WORK INSTRUCTIONS → Once the line containing "Το gokimolos.gr σε" is found in the entries below, reproduce it and every line after it, stopping at and including the line containing "The circular shape"; reproduce nothing else, and keep each line exact.

:: MATERIAL PROVIDED ::

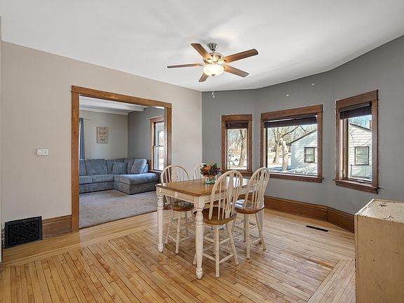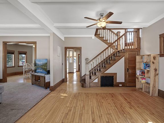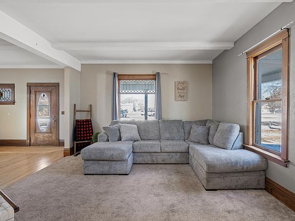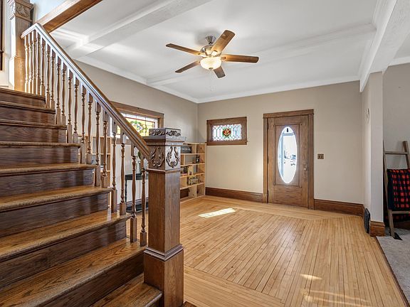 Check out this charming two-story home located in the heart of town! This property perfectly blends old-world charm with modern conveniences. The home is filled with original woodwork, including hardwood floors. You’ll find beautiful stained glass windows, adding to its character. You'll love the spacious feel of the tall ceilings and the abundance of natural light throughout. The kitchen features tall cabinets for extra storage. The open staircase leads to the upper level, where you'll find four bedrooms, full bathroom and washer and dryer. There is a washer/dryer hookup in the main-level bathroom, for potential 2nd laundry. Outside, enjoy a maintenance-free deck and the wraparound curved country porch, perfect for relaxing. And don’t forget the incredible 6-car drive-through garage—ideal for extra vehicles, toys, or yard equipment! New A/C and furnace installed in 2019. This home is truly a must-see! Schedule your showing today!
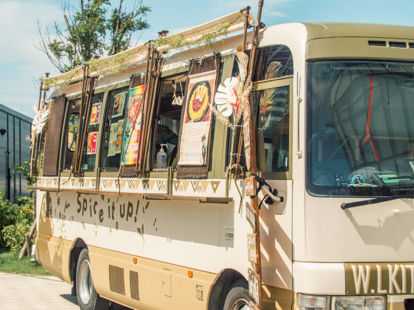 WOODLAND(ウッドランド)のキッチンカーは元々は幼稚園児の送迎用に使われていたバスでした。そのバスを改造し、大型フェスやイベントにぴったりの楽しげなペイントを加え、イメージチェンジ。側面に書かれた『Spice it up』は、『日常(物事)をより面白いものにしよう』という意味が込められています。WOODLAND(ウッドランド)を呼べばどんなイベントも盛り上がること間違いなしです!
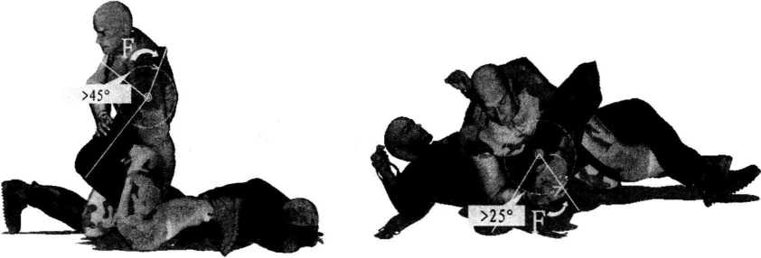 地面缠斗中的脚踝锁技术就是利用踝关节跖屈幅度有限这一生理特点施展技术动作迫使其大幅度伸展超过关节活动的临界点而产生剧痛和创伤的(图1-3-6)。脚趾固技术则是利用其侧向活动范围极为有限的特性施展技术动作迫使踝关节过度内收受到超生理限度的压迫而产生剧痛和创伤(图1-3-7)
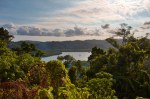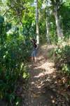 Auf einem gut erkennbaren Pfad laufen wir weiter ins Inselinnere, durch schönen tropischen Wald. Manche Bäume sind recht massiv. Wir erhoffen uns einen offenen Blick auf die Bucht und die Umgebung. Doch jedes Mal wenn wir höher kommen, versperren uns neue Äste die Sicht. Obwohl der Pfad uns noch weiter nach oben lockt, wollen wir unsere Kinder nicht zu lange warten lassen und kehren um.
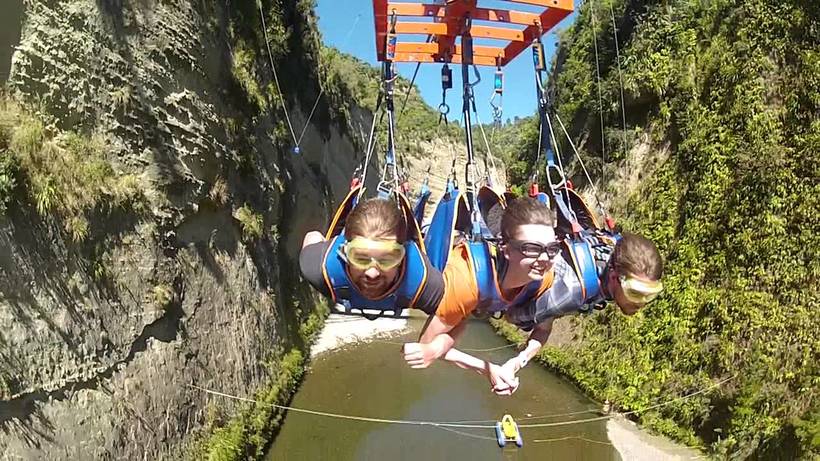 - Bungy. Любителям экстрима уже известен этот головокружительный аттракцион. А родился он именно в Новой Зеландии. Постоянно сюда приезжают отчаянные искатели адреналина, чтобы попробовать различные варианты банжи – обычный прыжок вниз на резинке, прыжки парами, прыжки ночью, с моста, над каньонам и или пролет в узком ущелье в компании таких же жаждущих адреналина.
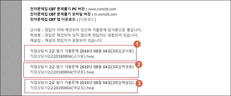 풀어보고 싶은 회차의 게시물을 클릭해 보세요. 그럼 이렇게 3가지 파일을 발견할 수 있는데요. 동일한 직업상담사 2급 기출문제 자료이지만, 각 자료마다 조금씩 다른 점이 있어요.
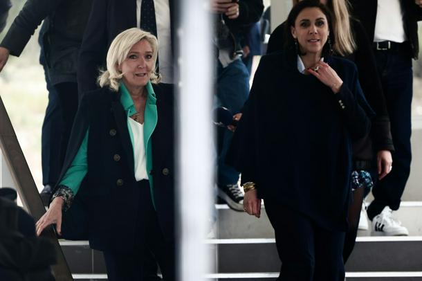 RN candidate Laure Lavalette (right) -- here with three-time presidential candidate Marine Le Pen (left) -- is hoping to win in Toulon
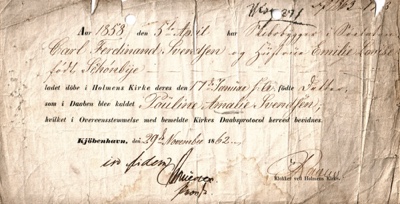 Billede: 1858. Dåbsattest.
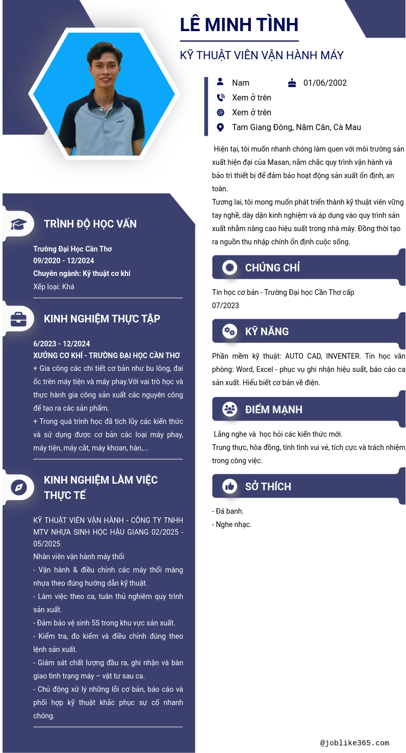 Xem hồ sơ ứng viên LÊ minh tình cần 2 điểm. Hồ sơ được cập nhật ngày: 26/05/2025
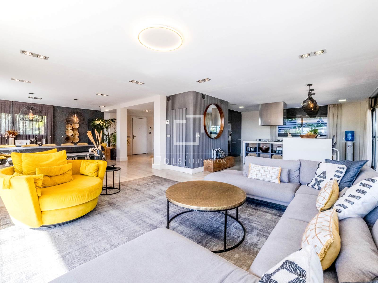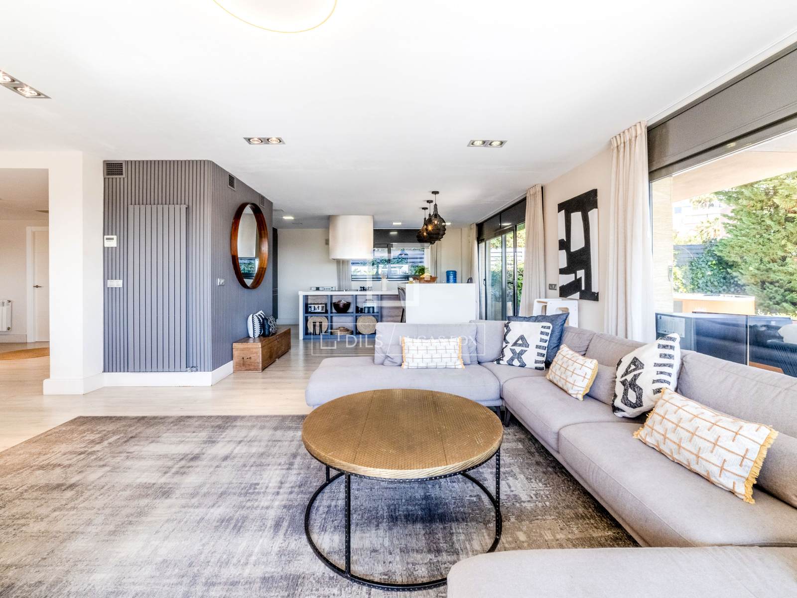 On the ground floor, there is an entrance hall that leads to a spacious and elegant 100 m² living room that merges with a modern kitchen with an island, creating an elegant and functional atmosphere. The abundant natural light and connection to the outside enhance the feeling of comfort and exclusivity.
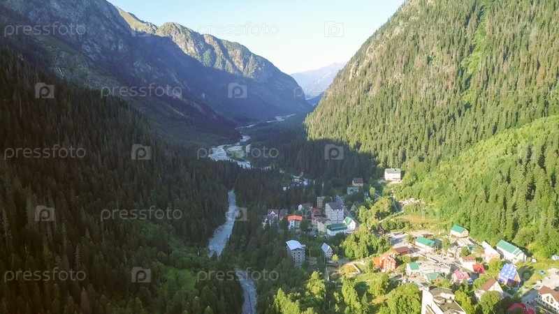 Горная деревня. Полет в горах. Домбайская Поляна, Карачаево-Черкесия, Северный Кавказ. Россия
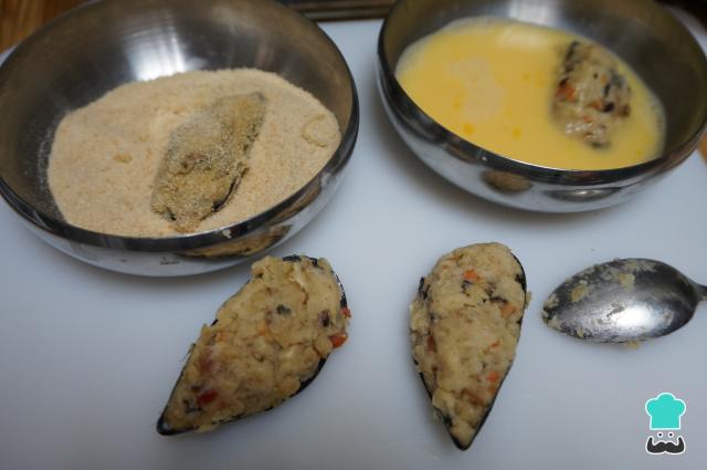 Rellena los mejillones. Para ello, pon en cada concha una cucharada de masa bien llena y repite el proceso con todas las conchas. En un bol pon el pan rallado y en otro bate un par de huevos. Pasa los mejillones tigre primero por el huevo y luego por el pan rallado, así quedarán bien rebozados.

:::
:: MATERIAL PROVIDED ::

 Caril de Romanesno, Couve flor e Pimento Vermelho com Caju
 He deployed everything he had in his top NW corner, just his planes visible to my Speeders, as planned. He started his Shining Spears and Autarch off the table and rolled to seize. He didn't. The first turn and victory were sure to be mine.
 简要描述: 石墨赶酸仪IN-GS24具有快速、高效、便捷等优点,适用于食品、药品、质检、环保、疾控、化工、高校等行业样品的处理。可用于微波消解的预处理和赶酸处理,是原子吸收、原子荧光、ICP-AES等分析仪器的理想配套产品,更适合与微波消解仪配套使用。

:::
:: MATERIAL PROVIDED ::

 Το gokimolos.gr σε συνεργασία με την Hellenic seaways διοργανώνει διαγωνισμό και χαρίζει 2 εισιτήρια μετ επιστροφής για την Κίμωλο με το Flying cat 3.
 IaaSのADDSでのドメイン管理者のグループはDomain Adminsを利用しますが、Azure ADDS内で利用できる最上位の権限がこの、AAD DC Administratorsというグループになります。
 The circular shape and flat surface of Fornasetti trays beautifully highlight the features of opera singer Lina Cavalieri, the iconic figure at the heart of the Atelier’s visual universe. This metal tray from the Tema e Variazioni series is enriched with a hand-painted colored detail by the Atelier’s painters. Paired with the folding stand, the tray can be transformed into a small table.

:::

RESULT FOR THIS EXERCISE →
 Το gokimolos.gr σε συνεργασία με την Hellenic seaways διοργανώνει διαγωνισμό και χαρίζει 2 εισιτήρια μετ επιστροφής για την Κίμωλο με το Flying cat 3.
 IaaSのADDSでのドメイン管理者のグループはDomain Adminsを利用しますが、Azure ADDS内で利用できる最上位の権限がこの、AAD DC Administratorsというグループになります。
 The circular shape and flat surface of Fornasetti trays beautifully highlight the features of opera singer Lina Cavalieri, the iconic figure at the heart of the Atelier’s visual universe. This metal tray from the Tema e Variazioni series is enriched with a hand-painted colored detail by the Atelier’s painters. Paired with the folding stand, the tray can be transformed into a small table.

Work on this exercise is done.